Western Digital debuts new MAMR disk drive technology to meet data center storage challenges

As the amount of new data being created in the world grows exponentially with each passing year, traditional data center storage systems are rapidly becoming obsolete.

A paper published earlier this year by research International Data Corp. forecasts that the amount of data created each year will balloon to a staggering 163 zettabytes by 2025. When one considers that a single zettabyte equates to 1 billion terabytes, it’s not difficult to envision the problems involved with storing all of that data.

This reality has forced data storage companies such as Western Digital Corp. to spend millions of dollars researching more efficient technologies that can keep up with this explosion of new data. Today, at its “Innovating to Fuel the Next Decade of Big Data” event, the company revealed more about the fruits of those research efforts, demonstrating a new technology it says will significantly increase the storage density of the hard disk drives it creates.

Western Digital’s new technology, designed for hard disk drives used in enterprise data centers, is called Microwave-Assisted Magnetic Recording HDD, which it said leverages new breakthroughs in energy-assisted recording techniques.

Energy-assisted recording refers to a technique for writing data to hard drives, where a small laser is used to heat the part of the disk being written to. Doing so reduces the coercivity of the material, or its resistance to changes in magnetization. That allows data to be squeezed into smaller “spaces” on the disk, meaning that more data can be written to each one.

As for MAMR, Western Digital’s new technology, this builds on energy-assisted recording by using something called a “spin torque oscillator” to generate a microwave frequency that the company said further increases the writability and reliability of data recordings. The result is massive gains in areal densities and capacities. Western Digital claims that it will soon be able to build hard drives offering up to 4 terabytes per square inch of capacity, which is around four times the average areal density of today’s most advanced drives.

Western Digital said it has been working to put the finishing touches on its MAMR tech for some time and recently made a breakthrough in its manufacturing processes that should allow it to increase average hard-drive areal densities by about 15 percent per year.

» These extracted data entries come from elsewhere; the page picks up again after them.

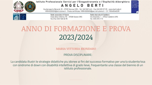 PROVA DISCIPLINARE:La candidata illustri le strategie didattiche piu idonee ai fini del successo formativo per uno/a studente/ssa con sindrome di down con disabilità intellettiva di grado lieve, frequentante una classe del biennio di un istituto professionale.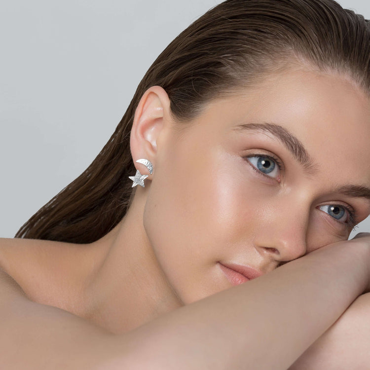 🌙⭐ Ohrstecker Ear Jackets "Stern & Mond" aus gehämmertem 925er Silber gefertigt.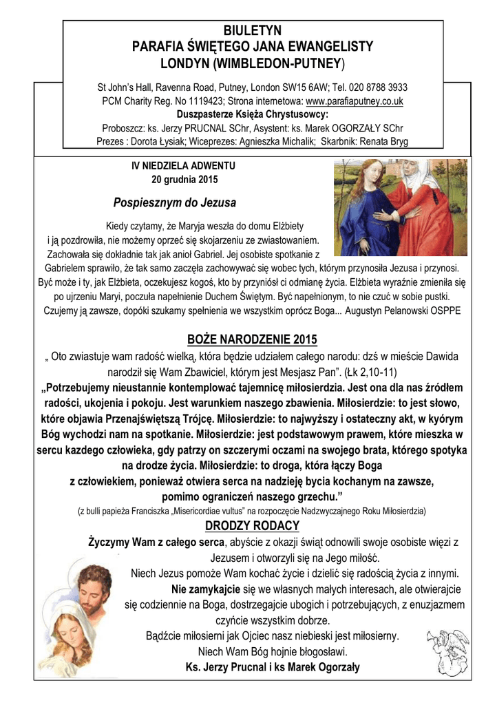 BIULETYN PARAFIA ŚWIĘTEGO JANA EWANGELISTY LONDYN (WIMBLEDON-PUTNEY) St John’s Hall, Ravenna Road, Putney, London SW15 6AW; Tel. 020 8788 3933 PCM Charity Reg. No 1119423; Strona internetowa: www.parafiaputney.co.uk Duszpasterze Księża Chrystusowcy: Proboszcz: ks. Jerzy PRUCNAL SChr, Asystent: ks. Marek OGORZAŁY SChr Prezes : Dorota Łysiak; Wiceprezes: Agnieszka Michalik; Skarbnik: Renata Bryg IV NIEDZIELA ADWENTU 20 grudnia 2015 Pospiesznym do Jezusa Kiedy czytamy, że Maryja weszła do domu Elżbiety i ją pozdrowiła, nie możemy oprzeć się skojarzeniu ze zwiastowaniem. Zachowała się dokładnie tak jak anioł Gabriel. Jej osobiste spotkanie z Gabrielem sprawiło, że tak samo zaczęła zachowywać się wobec tych, którym przynosiła Jezusa i przynosi. Być może i ty, jak Elżbieta, oczekujesz kogoś, kto by przyniósł ci odmianę życia. Elżbieta wyraźnie zmieniła się po ujrzeniu Maryi, poczuła napełnienie Duchem Świętym. Być napełnionym, to nie czuć w sobie pustki. Czujemy ją zawsze, dopóki szukamy spełnienia we wszystkim oprócz Boga... Augustyn Pelanowski OSPPE BOŻE NARODZENIE 2015 „ Oto zwiastuje wam radość wielką, która będzie udziałem całego narodu: dzś w mieście Dawida narodził się Wam Zbawiciel, którym jest Mesjasz Pan”. (Łk 2,10-11) „Potrzebujemy nieustannie kontemplować tajemnicę miłosierdzia. Jest ona dla nas źródłem radości, ukojenia i pokoju. Jest warunkiem naszego zbawienia. Miłosierdzie: to jest słowo, które objawia Przenajświętszą Trójcę. Miłosierdzie: to najwyższy i ostateczny akt, w kyórym Bóg wychodzi nam na spotkanie. Miłosierdzie: jest podstawowym prawem, które mieszka w sercu kazdego człowieka, gdy patrzy on szczerymi oczami na swojego brata, którego spotyka na drodze życia. Miłosierdzie: to droga, która łączy Boga z człowiekiem, ponieważ otwiera serca na nadzieję bycia kochanym na zawsze, pomimo ograniczeń naszego grzechu.” (z bulli papieża Franciszka „Misericordiae vultus” na rozpoczęcie Nadzwyczajnego Roku Miłosierdzia) DRODZY RODACY Życzymy Wam z całego serca, abyście z okazji świąt odnowili swoje osobiste więzi z Jezusem i otworzyli się na Jego miłość. Niech Jezus pomoże Wam kochać życie i dzielić się radością życia z innymi. Nie zamykajcie się we własnych małych interesach, ale otwierajcie się codziennie na Boga, dostrzegajcie ubogich i potrzebujących, z enuzjazmem czyńcie wszystkim dobrze. Bądźcie miłosierni jak Ojciec nasz niebieski jest miłosierny. Niech Wam Bóg hojnie błogosławi. Ks. Jerzy Prucnal i ks Marek Ogorzały 19.12 Sobota IV NIEDZIELA AD18:00 WENTU- k. fioletowy Śp. Wiktor Piwowar 20.12 NIEDZIELA IV NIEDZIELA ADWENTU REKOLEKCJE Wimbledon Młodzi 8:30 10:00 11:30 12:45 18:00 Śp. Kazimiera Hałasiewicz Śp. Helena i Feliks Drwal Śp. Maria, Franciszek Hrabi Za Parafian Śp. Andrzej Falkowski (11 r. śm), Aniela Falkowska (9r. śm.) i Janina Walendziuk (10 r. śm.) 21.12 Poniedziałek 21 grudnia - kolor foletowy 6.30 10.30 19.00 O łaski wybaczenia dla Magdy Za Rodzinę Śp. Janina Godyńska 22.12 Wtorek 22 grudnia - kolor fioletowy 6.30 10.30 19.00 O uwolnienie od zła i uleczenie ran Śp. Anna i Walenty Śp. Teresa Balik (4 rocz. śm.) 23.12 Środa 23 grudnia - kolor fioletowy 6.30 10.30 17.00 19.00 Śp. Zbigniew Murias z okazji 10 r. śmierci Śp. Stefania Chmielowiec O zdrowie i B. bł. dla Carmen w dniu 5 ur. i Boze błogosławieństwo dla Ewy W intencji grupy św. Ojca Pio 19:00 koronka do Bożego Miłosierdzia 24.12 Czwartek 24 grudnia PASTERKI 20.00 21.30 22.00 24.00 Za dzieci i Rodziców z Parafii O błogosławione Swięta dla Parafian Śp. Arkadiusz Hering z okazji urodzin Za Parafian 25.12 Piątek NARODZENIE PAŃSKIE 8:30 10:00 Wimbledon 11:30 12:45 18:00 W pewnej intencji O zdrowie, B. bł. i opiekę Matki Bożej dla Beaty i Zbigniewa w 15 r. ślubu Śp. Stanisław Kuształa W pewnej intencji Śp. Stanisława Korfanty 26.12 Sobota Św. Szczepana święto NIEDZIELA ŚW. RODZINY 10.00 11.30 18:00 W pewnej intencji O Boże bł. dla Zofii i całej rodziny W pewnej intencji 27.12 NIEDZIELA ŚWIĘTEJ RODZINY: JEZUSA, MARYI I JÓZEFA Wimbledon Młodzi 8:30 10:00 11:30 12:45 18:00 W intencji Rodzin Domowego Kościoła i opiekuna Za śp. Władysława i Ewę Synówków Śp. Zygmunt Nowacki w 25 r. śm. Za Parafian Śp. Marian Tadeusz i Kazimiera Owoc (w rocznicę ślubu) 19:00 koronka do Bożego Miłosierdzia PSALM (Ps80) - 20 grudnia 2015: „Odnów nas Boże i daj nam zbawienie.” KRAMIK ŚWIĄTECZNY. Można nabyć w zakrystii świece caritas, kartki świąteczne, kalendarze oraz poświęcone opłatki. PRASA KATOLICKA. Zachęcamy do nabywania „Gościa Niedzielnego”, „Miłujcie się” i innych czasopism katolickich wystawionych przy wyjściu z kościoła. Ze względu na to, że stan zdrowia ks. Jana Kaczkowskiego w minionym tygodniu się pogorszył i musiał przejść specjalistyczne badania z przykrością zawiadamiamy, że osobiście ks. Jan nie może być z nami na rekolekcjach. Jego przesłanie odsłuchamy drogą elektroniczną podczas każdej Mszy św. i w sali parafialnej w niedzielę o godz. 20.00. Na sali parafialnej będą dostępne książki księdza Jana. Dochód ze sprzedaży zostanie przekazany na hospicjum w Pucku. OSTATNI TYDZIEŃ ADWENTU. Zapraszamy na Msze św. poranne RORATY, które odbywają się w naszej parafii od poniedziaku do soboty o godz. 6.30. Roraty kończą się 23 grudnia 2015r. NIEDZIELNA KAWIARENKA. Zapraszamy do kawiarenki po Mszy św. o godz. 8.30, 10.00 i 11.30. WIGILIA DLA SAMOTNYCH. Serdecznie zapraszamy osoby samotne na wieczerzę wigilijna, która odbędzie się 24 grudnia na sali parafialnej na górze o godz. 17.00. Zapisy w zakrystii do 20 grudnia 2015. PASTERKI W PARAFII PUTNEY 24.12.2015. Msze św. w wigilię Bożego Narodzenia odbędą się w następujących godzinach: - 20.00 - Putney (dla dzieci), 22.00, 24.00 - 21.30 - Wimbledon BOŻE NARODZENIE W PARAFII PUTNEY. 25 gru

“As the volume, velocity, variety and value of both ‘Big Data’ and ‘Fast Data’ grow, a new generation of storage technologies are needed,” said Mike Cordano, president and chief operating officer at Western Digital. “Our ground-breaking advancement in MAMR technology will… address the future of enterprise capacity storage by redefining the density potential of HDDs and introduce a new class of highly reliable, ‘big capacity’ drives that simply aren’t possible on any other advanced theoretical energy-assisted HDD technology today.”

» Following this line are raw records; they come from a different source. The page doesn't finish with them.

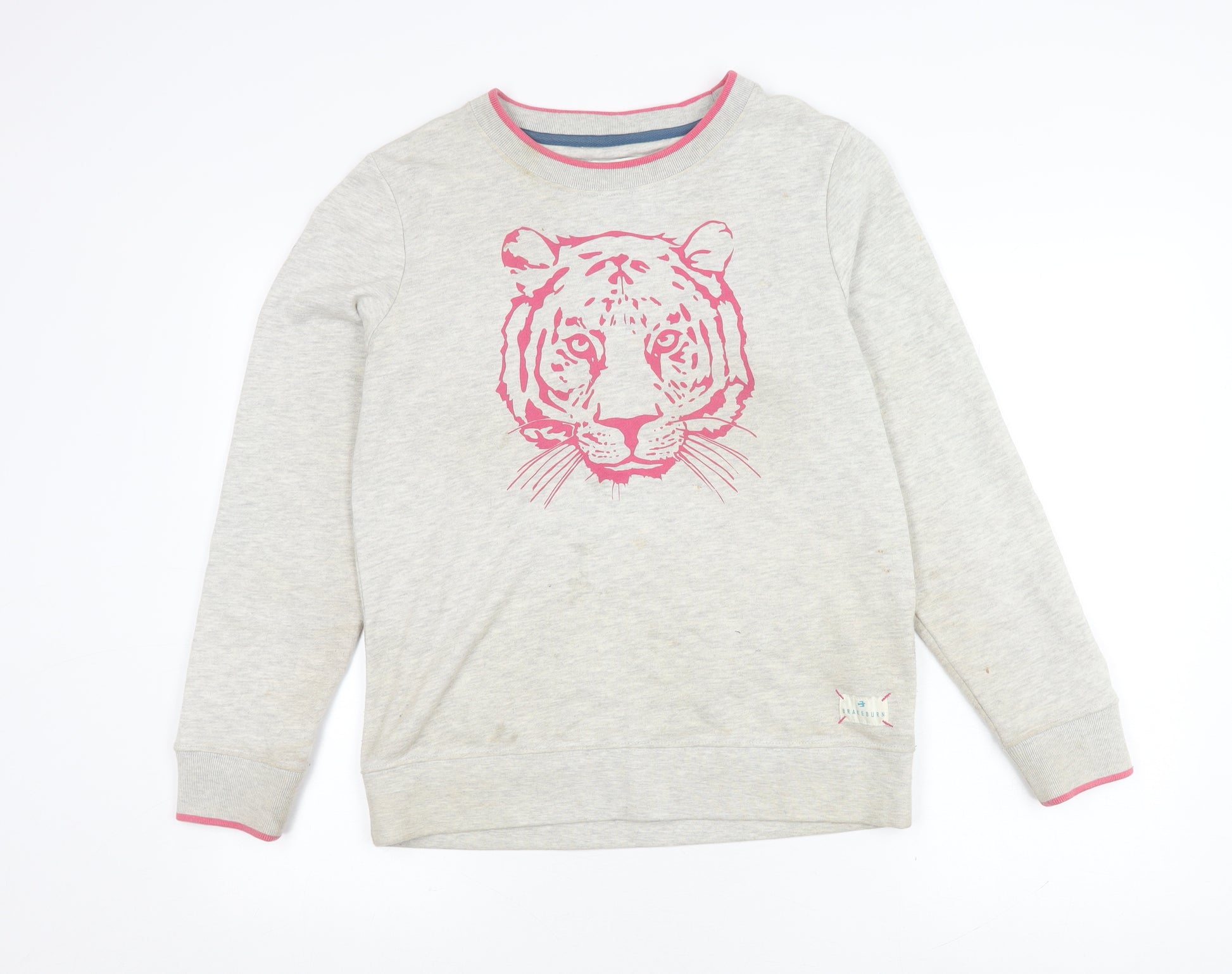 Stay cozy and stylish in this Brakeburn Women’s Grey Pullover Sweatshirt. Perfect for autumn and winter, this sweatshirt features a vibrant animal print with a striking tiger motif, making it a standout piece in your wardrobe. Crafted from a soft knit blend of 60% cotton and 40% polyester, it ensures comfort and warmth. Designed with a classic crew neck and long sleeves, it’s perfect for casual outings. The logo accent adds a touch of brand authenticity. Though pre-loved, it remains in good condition with minor stains visible. Ideal for layering or wearing on its own, this pullover fits a size 10 regular and is easy to care for with machine washable fabric. Embrace the spirit of adventure and show off your wild side with this unique piece.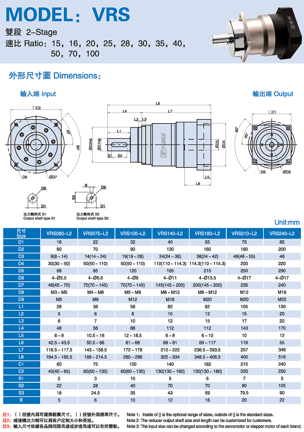 多樣化:輸出軸種類多樣化,有單出力軸型、雙出力軸型、中空軸型、中空法蘭型、中空軸錐形緊迫性、螺桿直線型、螺牙直線型。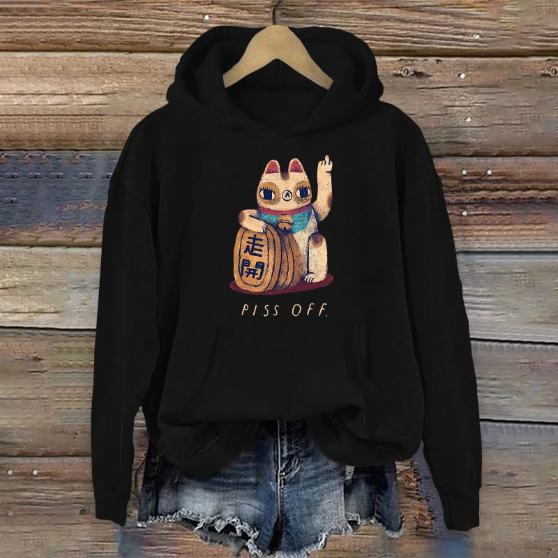 Cotton Funny Piss Off Cat Print Women's Hoodie

Holger Mueller, principal analyst and senior vice president at Constellation Research Inc., concurred that there was a pressing need in the industry for higher density storage technologies, and said that Western Digital’s latest innovations would certainly be welcomed by any data center operator.

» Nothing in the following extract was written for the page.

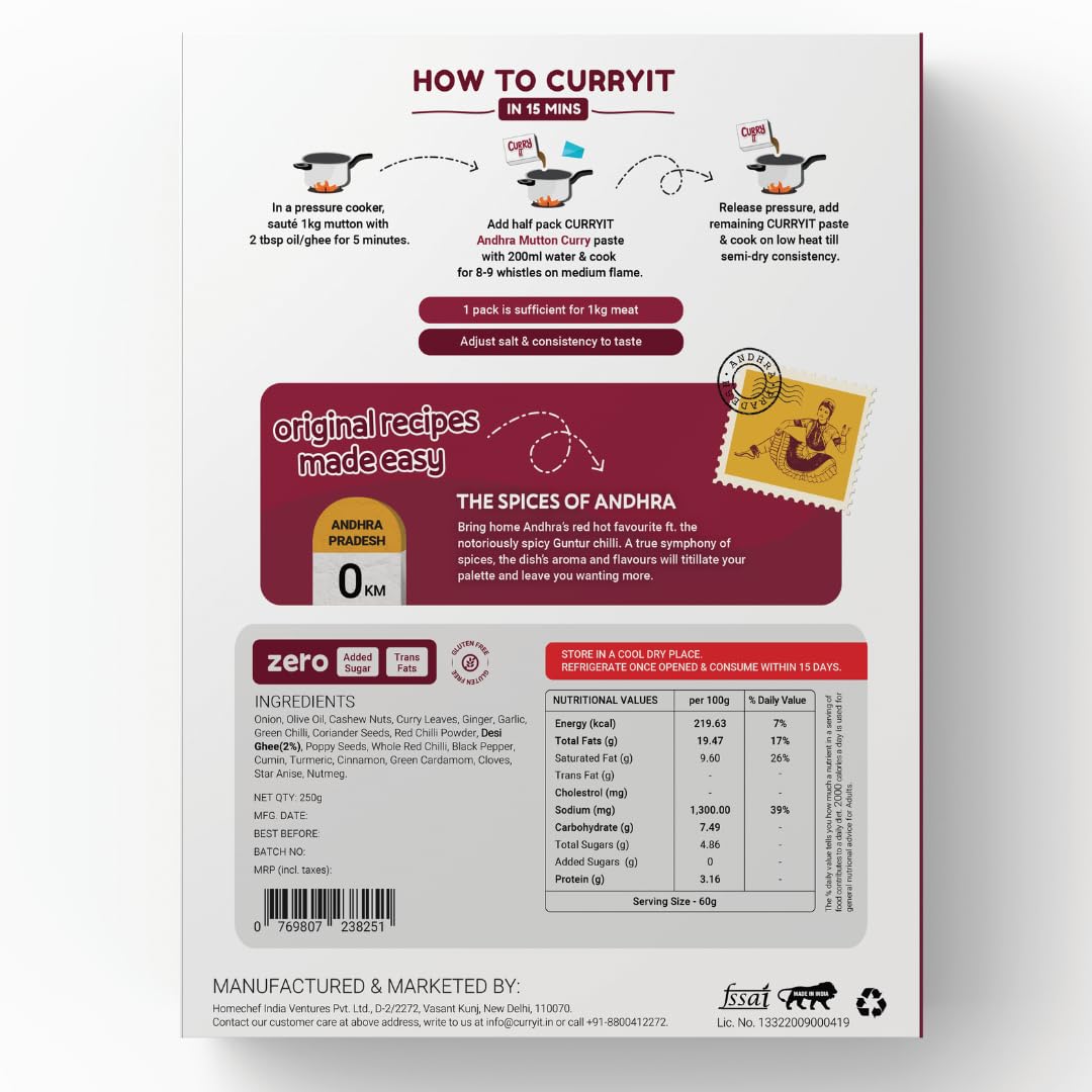 CURRYiT Andhra Mutton Masala Curry Paste 250g | Ready to Cook in 15 mins | Serves 6 | Just add Fresh Chicken, Mutton, Meat, Fish | Made with Ghee | No Preservatives | Eat with Rice | Indian Masala Gravy

“The world is producing more data than ever, with the estimate that all of electronic information doubling in the next few years to come,” Mueller said. “This poses stress on the infrastructure that has to serve, store and process this data. Any technology that can increase the density of information stored will help access speed, and reduce the total cost of ownership of storage. MAMR is a promising technology in this regard and it’s good to see the first commercial offerings hitting the market.”

It’s worth mentioning, though, that MAMR won’t be available just yet. The company said it plans to send out the first samples of its new MAMR hard drives to data center customers next year, with the final product set to become available sometime in 2019.